Remove them as well as the macros generating them.

Signed-off-by: Alexandre Courbot <acourbot@nvidia.com>
---
 rust/kernel/io.rs | 161 ------------------------------------------------------
 1 file changed, 161 deletions(-)

diff --git a/rust/kernel/io.rs b/rust/kernel/io.rs
index 0e8031dfe0f0..d2e498c9a0d5 100644
--- a/rust/kernel/io.rs
+++ b/rust/kernel/io.rs
@@ -137,127 +137,6 @@ pub fn maxsize(&self) -> usize {
 #[repr(transparent)]
 pub struct Mmio<const SIZE: usize = 0>(MmioRaw<SIZE>);
 
-/// Internal helper macros used to invoke C MMIO read functions.
-///
-/// This macro is intended to be used by higher-level MMIO access macros (define_read) and provides
-/// a unified expansion for infallible vs. fallible read semantics. It emits a direct call into the
-/// corresponding C helper and performs the required cast to the Rust return type.
-///
-/// # Parameters
-///
-/// * `$c_fn` – The C function performing the MMIO read.
-/// * `$self` – The I/O backend object.
-/// * `$ty` – The type of the value to be read.
-/// * `$addr` – The MMIO address to read.
-///
-/// This macro does not perform any validation; all invariants must be upheld by the higher-level
-/// abstraction invoking it.
-macro_rules! call_mmio_read {
-    (infallible, $c_fn:ident, $self:ident, $type:ty, $addr:expr) => {
-        // SAFETY: By the type invariant `addr` is a valid address for MMIO operations.
-        unsafe { bindings::$c_fn($addr as *const c_void) as $type }
-    };
-
-    (fallible, $c_fn:ident, $self:ident, $type:ty, $addr:expr) => {{
-        // SAFETY: By the type invariant `addr` is a valid address for MMIO operations.
-        Ok(unsafe { bindings::$c_fn($addr as *const c_void) as $type })
-    }};
-}
-
-/// Internal helper macros used to invoke C MMIO write functions.
-///
-/// This macro is intended to be used by higher-level MMIO access macros (define_write) and provides
-/// a unified expansion for infallible vs. fallible write semantics. It emits a direct call into the
-/// corresponding C helper and performs the required cast to the Rust return type.
-///
-/// # Parameters
-///
-/// * `$c_fn` – The C function performing the MMIO write.
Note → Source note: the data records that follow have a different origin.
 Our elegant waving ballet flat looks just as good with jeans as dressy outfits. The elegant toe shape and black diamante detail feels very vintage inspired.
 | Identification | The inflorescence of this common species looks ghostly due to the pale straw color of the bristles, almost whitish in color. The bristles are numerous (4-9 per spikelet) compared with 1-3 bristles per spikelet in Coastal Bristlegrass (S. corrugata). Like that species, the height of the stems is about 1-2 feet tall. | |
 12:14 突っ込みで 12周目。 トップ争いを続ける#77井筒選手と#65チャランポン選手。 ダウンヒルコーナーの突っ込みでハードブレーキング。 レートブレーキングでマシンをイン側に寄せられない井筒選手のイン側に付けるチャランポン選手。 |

-/// * `$self` – The I/O backend object.
-/// * `$ty` – The type of the written value.
-/// * `$addr` – The MMIO address to write.
-/// * `$value` – The value to write.
-///
-/// This macro does not perform any validation; all invariants must be upheld by the higher-level
-/// abstraction invoking it.
-macro_rules! call_mmio_write {
-    (infallible, $c_fn:ident, $self:ident, $ty:ty, $addr:expr, $value:expr) => {
-        // SAFETY: By the type invariant `addr` is a valid address for MMIO operations.
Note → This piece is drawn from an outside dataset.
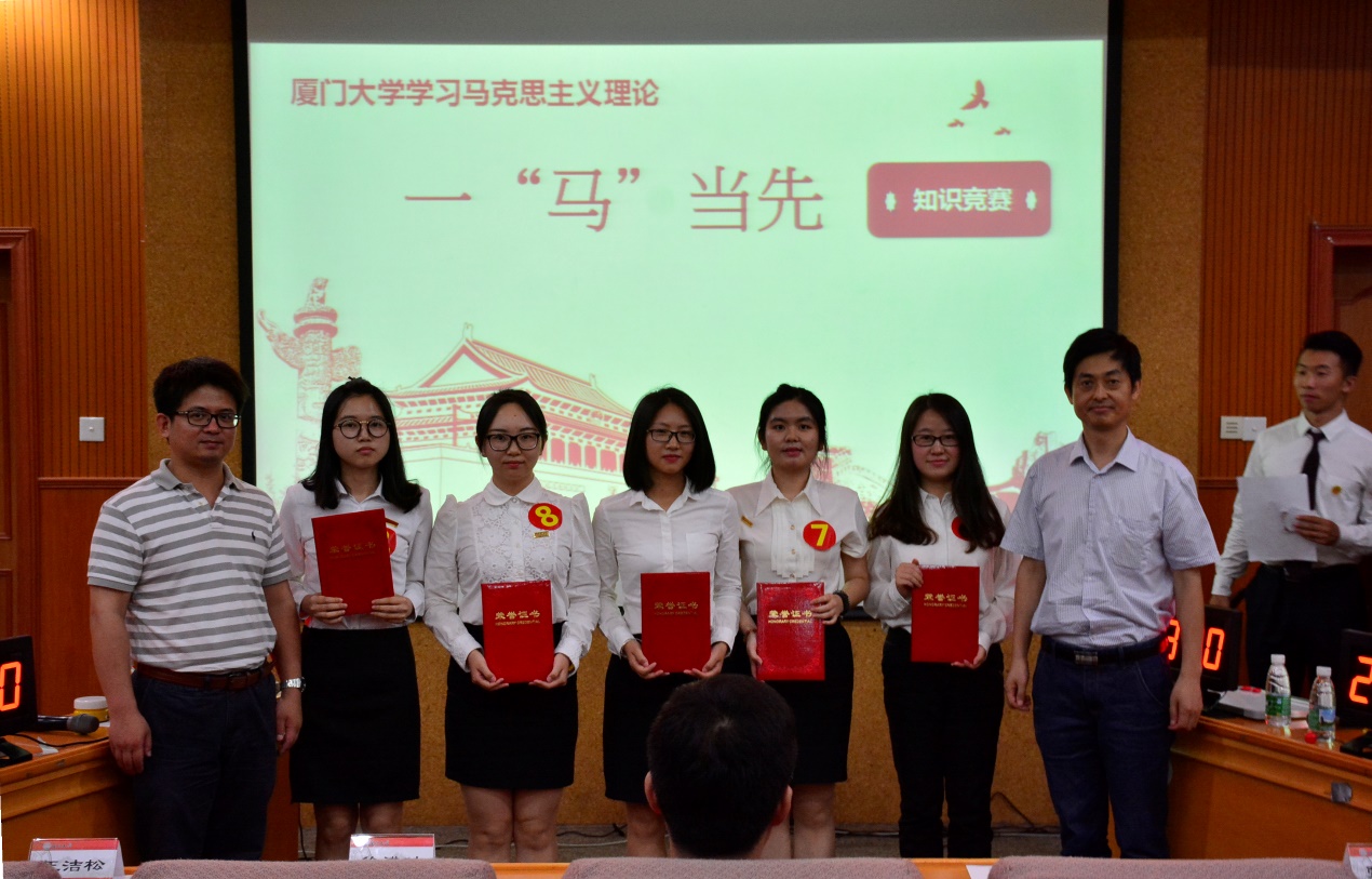 为贯彻落实全国高校思想政治工作会议精神,深入实施大学生马克思主义自主学习行动计划,培养一批思想政治素质过硬、政策理论水平较高、综合能力全面、理想信念坚定的青年马克思主义者,学校于4月26日举办厦门大学“一‘马’当先”知识竞赛,金沙集团1862cc2016级研究生陈笑梅顺利通过初赛,晋级决赛。

-        unsafe { bindings::$c_fn($value, $addr as *mut c_void) }
-    };
-
-    (fallible, $c_fn:ident, $self:ident, $ty:ty, $addr:expr, $value:expr) => {{
-        // SAFETY: By the type invariant `addr` is a valid address for MMIO operations.
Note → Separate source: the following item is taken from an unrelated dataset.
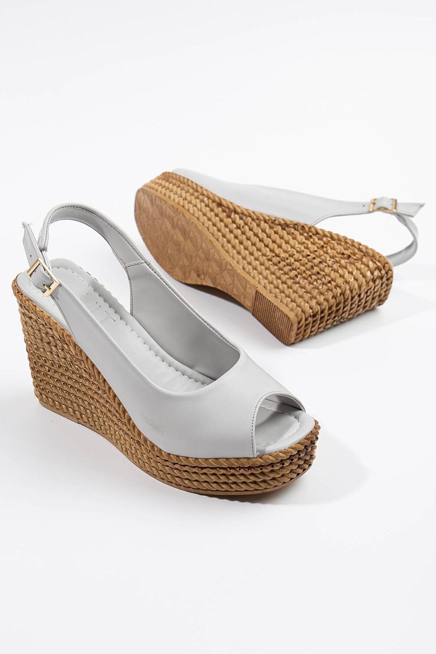 Kadın Dolgu Topuklu Klasik Sandalet Gri

-        unsafe { bindings::$c_fn($value, $addr as *mut c_void) };
-        Ok(())
-    }};
-}
-
-macro_rules! define_read {
-    (infallible, $(#[$attr:meta])* $vis:vis $name:ident, $call_macro:ident($c_fn:ident) ->
-     $type_name:ty) => {
-        /// Read IO data from a given offset known at compile time.
-        ///
-        /// Bound checks are performed on compile time, hence if the offset is not known at compile
-        /// time, the build will fail.
-        $(#[$attr])*
-        // Always inline to optimize out error path of `io_addr_assert`.
-        #[inline(always)]
-        $vis fn $name(&self, offset: usize) -> $type_name {
-            let addr = self.io_addr_assert::<$type_name>(offset);
-
-            // SAFETY: By the type invariant `addr` is a valid address for IO operations.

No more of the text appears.